Menurut Mustolih, lebih dari 1,6 juta jemaah dari berbagai negara akan berkumpul di kawasan Armuzna dengan agenda ibadah yang padat dan berlangsung dalam waktu berdekatan. Setelah menjalani wukuf di Arafah, jemaah akan bergerak ke Muzdalifah untuk mabit (bermalam), lalu menuju Mina guna melaksanakan lontar jumrah Aqabah, Ula, dan Wustha pada 10–12 Dzulhijjah.

Di sela rangkaian tersebut, jemaah juga harus kembali ke Makkah untuk menunaikan tawaf ifadah, sai, dan tahallul.

“Rangkaian ibadah di Armuzna sangat menguras tenaga karena melibatkan perpindahan lokasi yang panjang dan simultan. Kondisi ini dapat memicu kelelahan, menurunkan konsentrasi, hingga menyebabkan jemaah terpisah dari rombongan, terutama bagi lansia dan penyandang disabilitas,” ujar Mustolih dalam rilis Komnas Haji, Senin (25/5/2026).
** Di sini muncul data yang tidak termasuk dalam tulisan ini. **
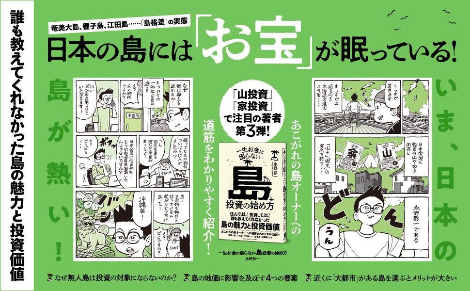 ビジネス書や実用書を中心に出版する株式会社クロスメディア・パブリッシング(本社:東京都渋谷区、代表取締役社長:小早川幸一郎)は、2024年8月2日に書籍『一生お金に困らない島投資の始め方』を刊行します。著者は「山王(やまおう)」の愛称で知られる永野彰一氏で、本書は『山投資』『家投資』に続く第3弾となります。文中では、日本の「島」に秘められた投資価値を解説しています。移住やワーケーション、レジャー、外国人投資家の進出など、島の多面的な可能性に着目し、その投資の魅力を具体的に紹介。島投資を始めることで得られる選択肢や利益の積み上げ方についても詳しく解説しており、投資としての島の潜在能力を最大限に引き出す方法を教えます。

Ia menjelaskan, situasi di Armuzna yang dipenuhi jutaan jemaah dengan pakaian ihram seragam berwarna putih serta tenda-tenda yang tampak serupa sering kali membuat jemaah kesulitan mengenali rombongan maupun lokasi tempat istirahatnya. Tantangan tersebut diperberat dengan suhu udara ekstrem yang diperkirakan dapat mendekati 50 derajat Celsius.

Karena itu, Komnas Haji menekankan pentingnya solidaritas antarsesama jemaah dengan mengedepankan semangat ta’awun atau saling membantu melalui gerakan “Jemaah Jaga Jemaah”.

Mustolih menilai, semangat kebersamaan di tingkat kelompok akan sangat membantu meminimalisasi risiko jemaah tersesat atau terpisah dari rombongan tanpa harus sepenuhnya bergantung pada petugas haji.

“Dibutuhkan kekompakan dan solidaritas di kalangan jemaah agar tetap solid, saling membantu, dan saling menjaga selama pergerakan di Armuzna. Peran ketua rombongan (karom) dan ketua regu (karu) juga menjadi sangat sentral dan vital,” katanya.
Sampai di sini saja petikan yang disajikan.